当然ながら、一度目の一年生の時も欠席している。
しかし今回に限っては、アメリア皇女の護衛、という枷があった。
「心の底から面倒くせぇ……」
皇帝陛下の依頼でもなければ、マジでサボっている。
そう考えながら俺は、二回目にして初めて行事説明の紙に目を通していた。なにやら、新入生全員で休日の学院に泊まる、とかいう謎イベントとのこと。紙切れには一日のスケジュールが事細かに書かれており、就寝時間までキッチリ決められていた。
なんだ、これ……。
マジで何の利益になるのか分からない。
そんな感じで、俺はあまりに気が向かずに窓の外を眺めていた。
「そこの落第生、聞いているのか?」
「…………聞いてまーす……」
すると、担任女性教師のアリスが声を飛ばしてくる。
今年からの新人らしい彼女は、キラキラした青の眼差しで生徒たちに説明をしていた。黒髪を後ろで一つに束ねており、戦闘において非常に動きやすそうだな、とか関係ないことを考える俺。それほどまでに、いまの時間は無駄にしか思えなかった。

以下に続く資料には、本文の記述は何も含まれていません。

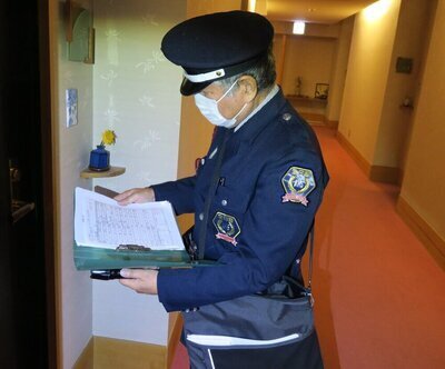 県内有名温泉旅館での夜間警備。 施設を巡回し異常がないか確認します。 また電話応対や温泉設備の数値チェック、施錠の確認など宿泊施設施設ならではの警備も行います。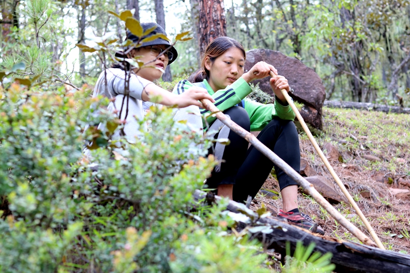 这是父女俩的暗语。清晨的山特别安静,扎史次姆弯腰低着头,盯着脚下,时不时拿手杖拨弄着大树下的杂草,不知不觉便与父亲走散了。在没信号的山上,一旦走散,这种原始的呼叫要比手机更加方便。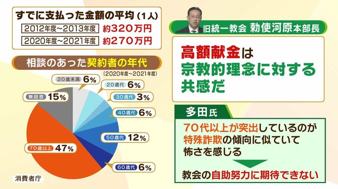 「(相談した世代で)70代以上が突出していているのはまるで特殊詐欺の傾向に似ていて、怖さを感じました。教会の自助努力に期待はできないと思います。70代の親の資産を狙っているのか、子どもが献金をしてしまっての相談なのか、詳しい内容はわからないですが、
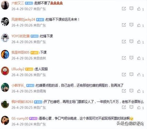 賽后,廣東官方社媒更新戰(zhàn)報引發(fā)大量的球迷圍觀,其中,杜鋒下課的聲音更是達到了新的高度。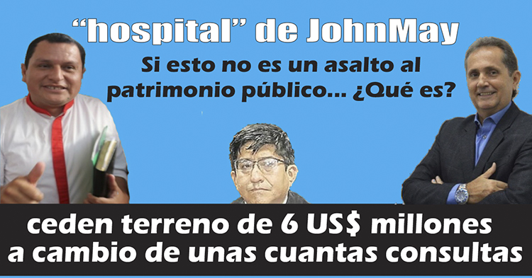 En este caso, nada de ello ocurrió o hicieron en el gobierno regional… ¿Ignorancia? Creemos que no y que más bien, con el fin de apropiarse delictivamente del patrimonio público y la finalidad de enriquecerse con la enfermedad y sufrimiento de los piuranos, el Gobernador SERVANDO GARCÍA, su gerente general JESÚS TORRES SARAVIA, la secretaria general de la gobernación MARITZA LORENA DEL ROSARIO MOGOLLON PEÑA, el asesor jurídico de entonces JOSÉ ANTONIO ÁLVAREZ LARA, el gerente regional de desarrollo social EDDY ANTHONY LEYVA VILLALONGA y el director de la DIRECCIÓN REGIONAL DE SALUD; firmaron en setiembre de 2019 este lesivo convenio en favor de la empresa JOHNMAY SALUD, nombre comercial de CONSORCIO POLICLÍNICO PIURA, creada apenas el 01 de julio de 2019 por JOHNY ULISES MAYTA PEÑA, amigo y quizá socio del asesor del gobernador FERNANDO LEONCIO CÁCERES ROSELL… Lo firmaron sin más y el convenio carece de los informes técnicos y legales que den sustento, el que obviamente no existe para semejante latrocionio y si que existen esos informes, tendrían que hacerlos públicos como público también de ser el convenio por el cual el alcalde de Veintiséis de Octubre DARWIN GARCÍA MARCHENA, entrega un valioso terreno, éste sí propiedad de su municipalidad, para que sea explotado con empresas ajenas a su jurisdicción sin cumplir las normas obligatorias para dicho fin.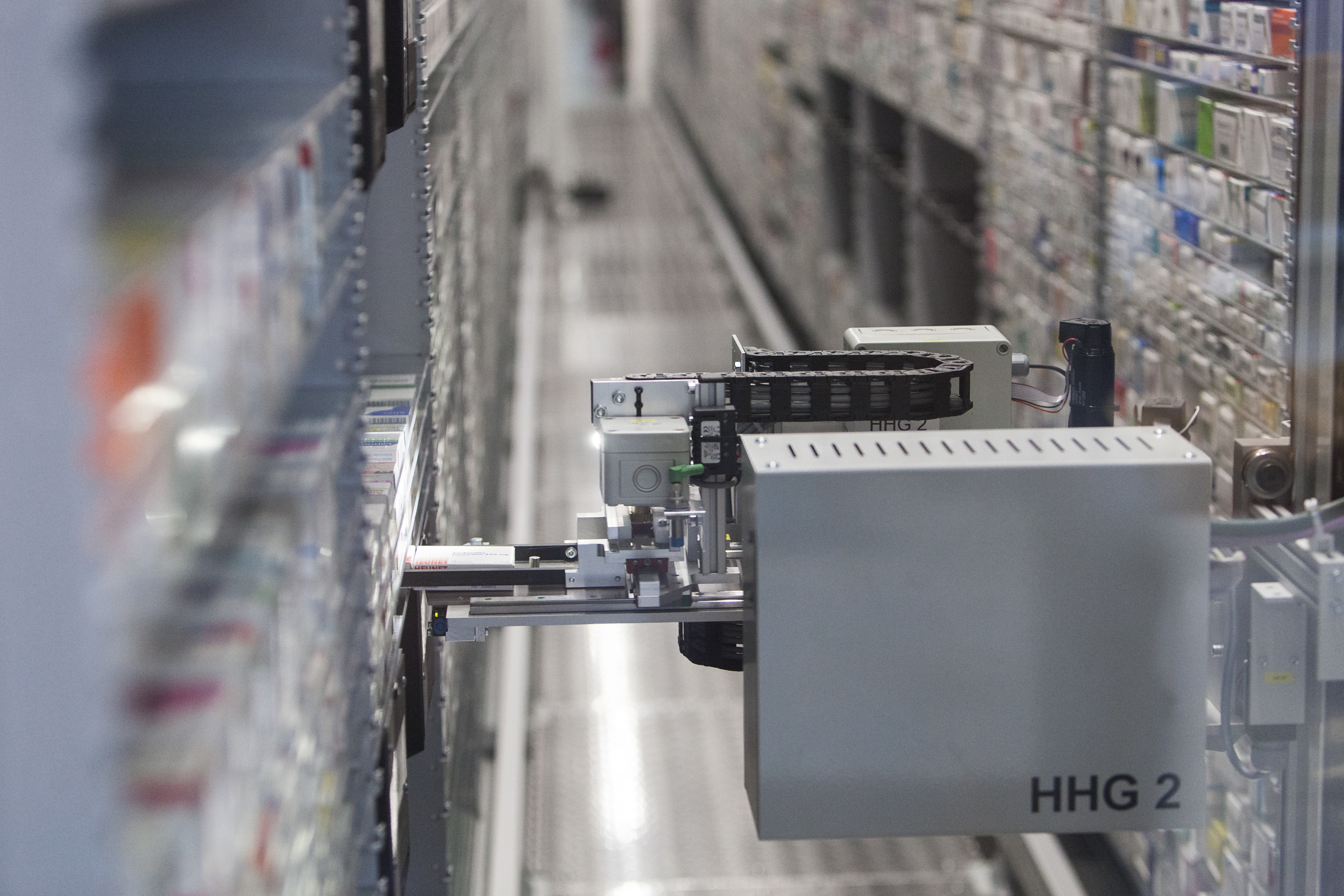 Herzstück der Kommissionieranlage sei der Automat für die Langsamdreher, also Arzneimittel, die nicht ständig nachgefragt werden. Der Automat sei wie eine Bibliothek. Geschäftsführer Michael Uhlmann erklärt: Alle Medikamente landeten letztlich in einer Kiste. „Wir haben einen Durchlauf von 1200 Behältern in der Stunde.“ Dadurch könne eine Apothekenbestellung innerhalb von 20 Minuten abgearbeitet werden.

「それでは次に、班分けを行いたいと思う。各々まずは二人組を作ってくれ」
などと、心を中空に投げていると。
アリスはふと、そんなことを言うのだった。
「二人組、ってなんだ……?」
いや、言葉の意味は分かるのだが。
俺には彼女の意図するところが、まるで分からなかった。
だがしかし、そうこうしている間に生徒たちは好き勝手に二人組を作っていく。俺は完全に出遅れ、かつクラスの人数が奇数だったために余ってしまった。
「ね、ねぇ……誰か入れてあげようよ」
「えー、やだよ。アンタのとこに入れなよ」
「私のとこはもう班ができてるもん!」
…………なんだこの状況。
窓際最後尾に座る俺を遠巻きに見ながら、クラスメイトが口々に何かを言っていた。聞こえてはいるが、彼らが何に困惑しているのかが理解できない。

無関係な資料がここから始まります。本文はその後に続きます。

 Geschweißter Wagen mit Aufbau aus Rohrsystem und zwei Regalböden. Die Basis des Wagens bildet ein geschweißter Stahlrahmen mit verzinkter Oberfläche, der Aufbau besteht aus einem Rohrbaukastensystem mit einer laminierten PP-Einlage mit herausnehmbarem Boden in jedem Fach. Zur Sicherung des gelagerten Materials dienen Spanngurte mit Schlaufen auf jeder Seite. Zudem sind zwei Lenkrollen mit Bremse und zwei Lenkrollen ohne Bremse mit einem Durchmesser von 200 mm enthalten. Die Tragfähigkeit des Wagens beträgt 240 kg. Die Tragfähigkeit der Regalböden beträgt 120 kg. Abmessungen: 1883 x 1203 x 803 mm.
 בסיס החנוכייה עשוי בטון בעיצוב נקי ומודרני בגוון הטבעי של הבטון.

だが、そうしていると真っ先に動いたのはアリスだった。
「よし、落第生。お前はアタシと一緒に行動するぞ!」
「はぁ……?」
なにやら、憐みの眼差しを向けながら。
相も変わらず意味は分からないが、とりあえず問題は解決したらしい。それならそれで俺としては楽で良いのだが、どこか釈然としない気持ちが湧くのは何故だろうか。
しかし、その正体を確かめるよりも先に話は前に進んでしまった。
「まぁ、いいか……」
とりあえず、俺は皇女の護衛を達成できればそれで良いのだ。
そう思って一つ、また大欠伸をするのだった……。